Post-Surgery Recovery

Crutches After Knee Surgery: Proper Use, Techniques, and Recovery Tips

By Hart 8 min read

Properly using crutches after knee surgery involves correct adjustment, mastering walking techniques for non-weight bearing and partial weight bearing, and safely navigating stairs and daily activities to protect the healing joint and ensure a safe recovery.

How to use crutches after knee surgery?

Using crutches correctly after knee surgery is crucial for protecting the healing joint, managing pain, and facilitating safe, independent mobility as you recover. Proper technique ensures you bear weight through your hands and arms, not your armpits, and move with stability and confidence.

Why Crutches After Knee Surgery?

Following knee surgery, the joint and surrounding tissues require time to heal without undue stress. Crutches serve as a vital assistive device by:

  • Protecting the Surgical Site: They offload the operated knee, preventing excessive weight-bearing that could disrupt sutures, grafts, or repaired structures.
  • Reducing Pain: By minimizing stress on the joint, crutches help control post-operative pain and inflammation.
  • Preventing Re-Injury: They provide stability and support, reducing the risk of falls or accidental movements that could compromise your recovery.
  • Facilitating Early Mobility: Despite the need for protection, early, controlled movement is often beneficial for circulation and preventing stiffness. Crutches allow for this mobility while maintaining safety.

Selecting and Adjusting Your Crutches

Correct crutch fit is paramount for safety and comfort. Most commonly, axillary (underarm) crutches are prescribed post-knee surgery.

  • Crutch Height:
    • Stand upright with your shoulders relaxed.
    • The top of the crutch pad should be 2-3 finger widths (approximately 1-1.5 inches) below your armpit. This ensures you bear weight through your hands, not your armpits, preventing nerve damage and discomfort.
  • Handgrip Height:
    • Your elbows should have a slight bend of 20-30 degrees when you grasp the handgrips.
    • When standing, your wrist crease should align with the top of the handgrip. This allows for optimal leverage and weight bearing through your palms.

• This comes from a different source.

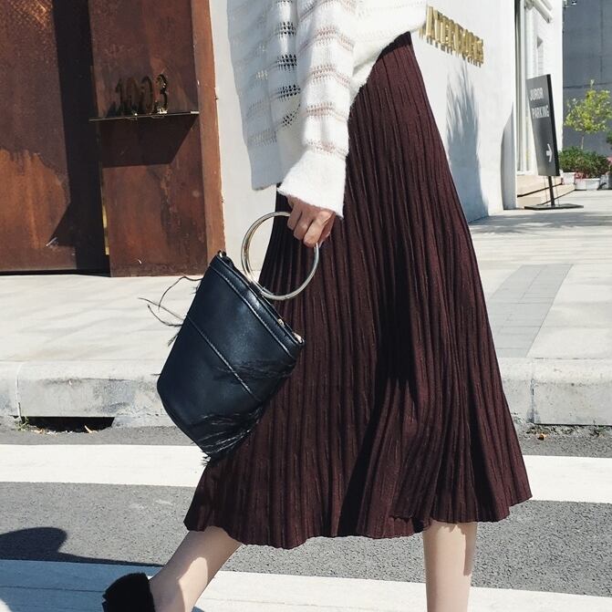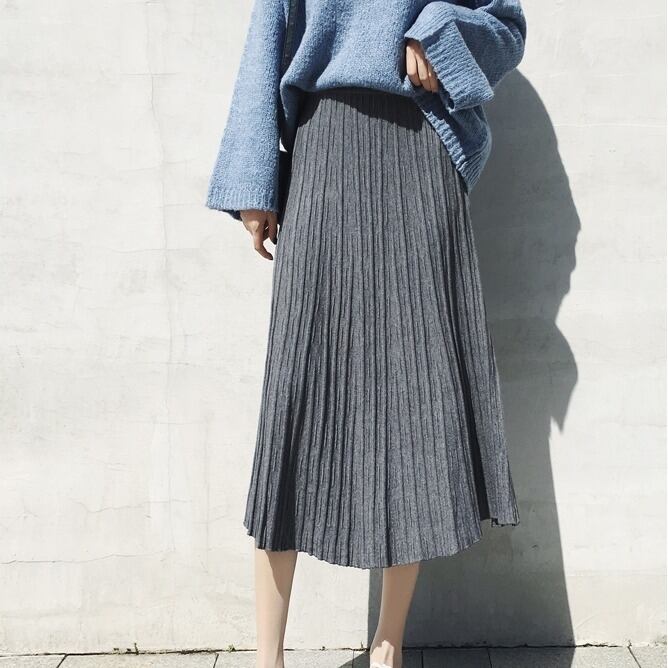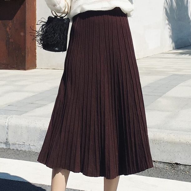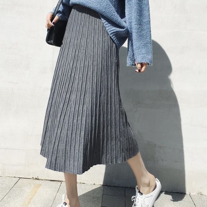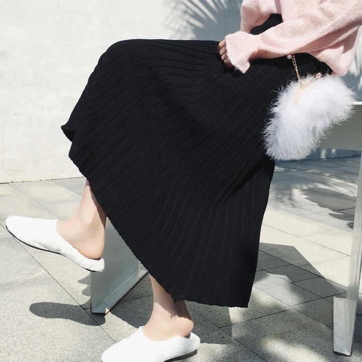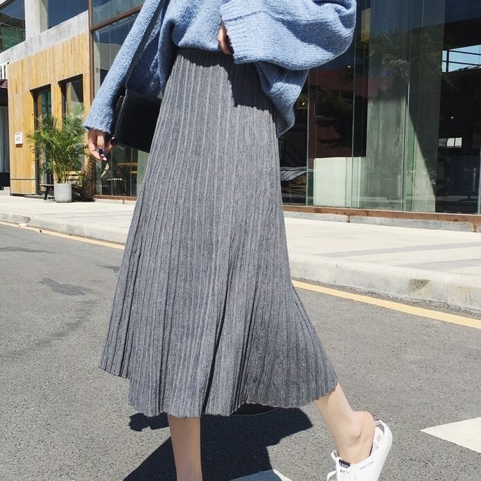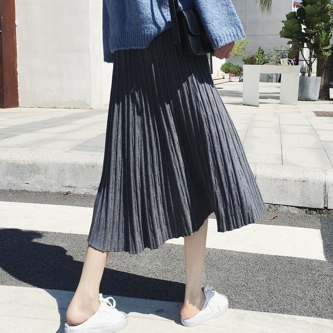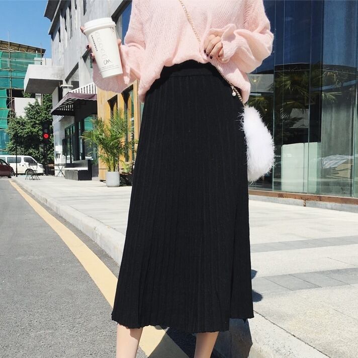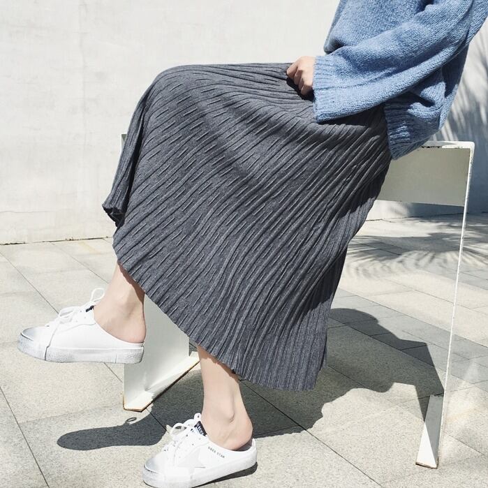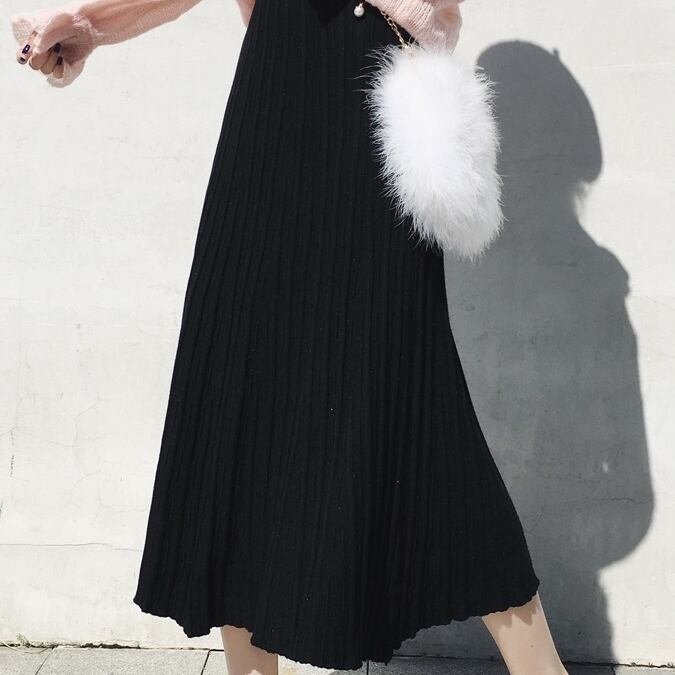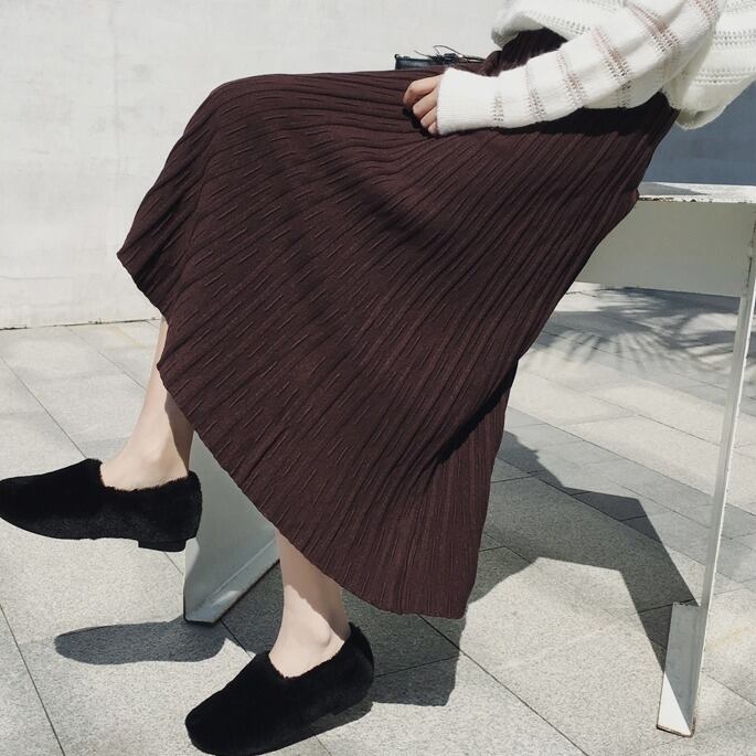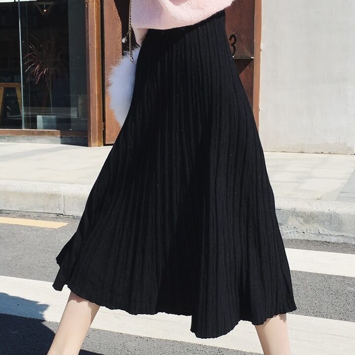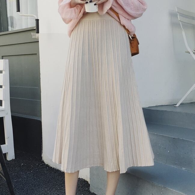 全4色 プリーツスカート ワイド ニット レディース トレンド 定番 ハイウエスト ロング マキシ丈 無地 くすみカラー 編み物 秋冬 デイリー アプリコット ブラック ブラウン グレー

Proper Crutch Stance and Grip

Before initiating movement, establish a stable base.

  • Tripod Stance: Position the crutches slightly forward and to the sides of your feet, forming a stable "tripod." This provides a wide base of support.
  • Weight Distribution: Always remember to bear your weight through your hands and forearms, pressing down on the handgrips. Avoid leaning on your armpits.

Walking with Crutches: Non-Weight Bearing (NWB) Technique

This technique is used when absolutely no weight can be placed on the operated leg.

  1. Advance Crutches: Move both crutches forward by about one foot, keeping them slightly wider than your shoulders for stability.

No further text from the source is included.